Les armées occidentales bannissent WhatsApp >
Depuis le début de l'année, l'armée Suisse n'a plus le droit d'utiliser WhatsApp. D'abord, parce que la loi américaine « Cloud Act », à laquelle WhatsApp est soumise, permet aux autorités américaines d'accéder librement aux données stockées sur internet. Et puis, surtout, parce que WhatsApp, qui appartient à la société américaine Meta, est désormais peu imperméable avec Facebook et comporte de nombreuses failles de sécurité qui ont permis plusieurs vols de données.
L'armée française avait déjà anticipé sur ces différents problèmes. Les informations secret-défense ou confidentiel défense ne peuvent être échangées que sur des téléphones cryptés dont bénéficient les hauts gradés et les services de renseignements. Par ailleurs, il est recommandé à tous les militaires d'utiliser la messagerie instantanée Tchap, service créé et opéré par la direction interministérielle du numérique dans le cadre du programme d'accélération de la transformation numérique du service public.
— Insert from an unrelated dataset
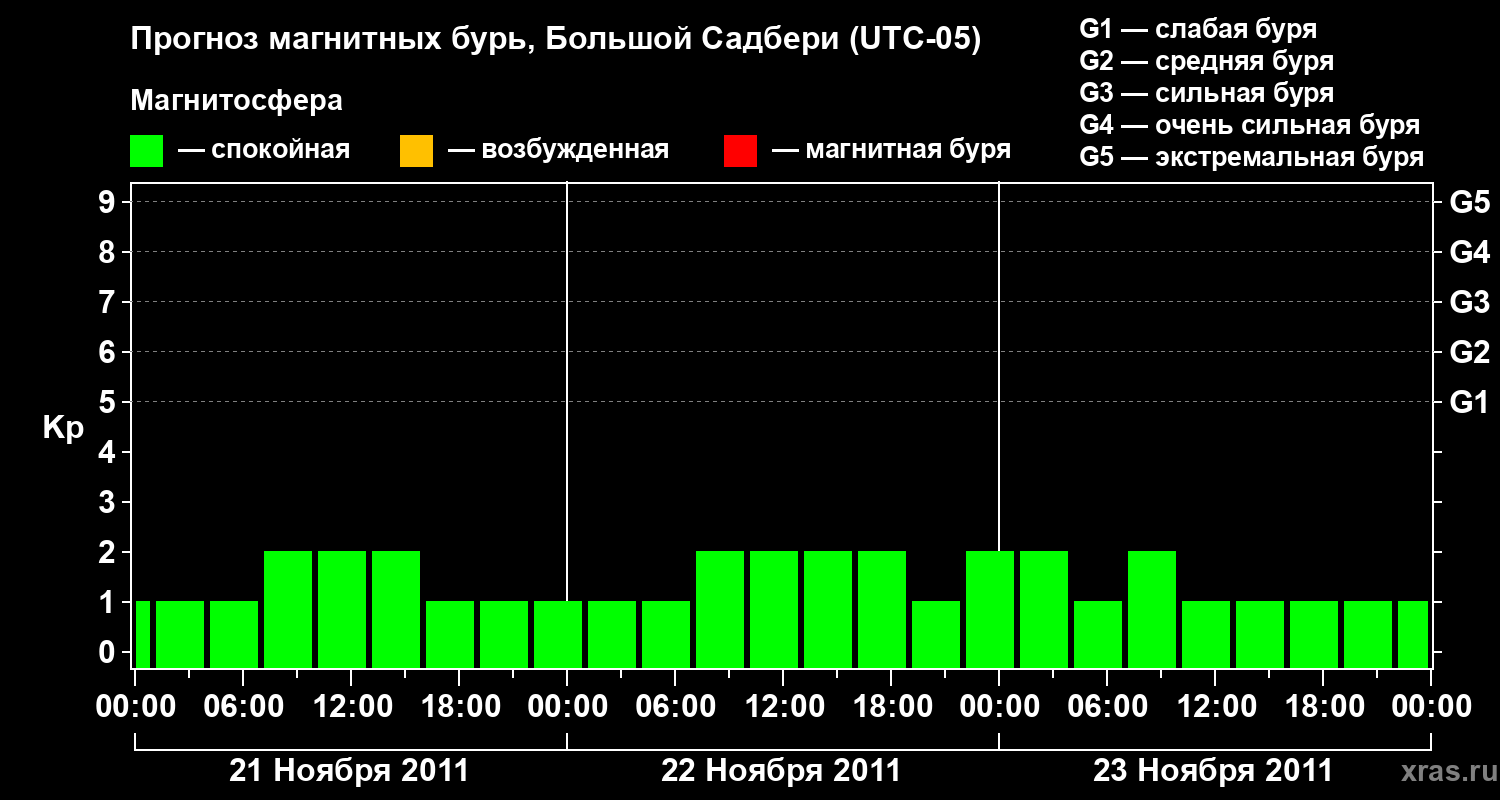 Прогноз магнитных бурь Большом Садбери — 21 ноября 2011 года

L'armée Suisse utilise depuis quelques jours la messagerie instantanée Threema, dont le siège est à Pfäffikon dans le canton de Schwytz, non soumise au « Cloud Act » américain et qui peut être utilisée de manière anonyme. Par ailleurs, elle est conforme au règlement européen sur la protection des données. Threema, qui revendiquait en 2020 plus de 8 millions d'utilisateurs, dont 2 millions de comptes professionnels, indique ne pas être financé par de la publicité et ne pas collecter de données personnelles de ses clients.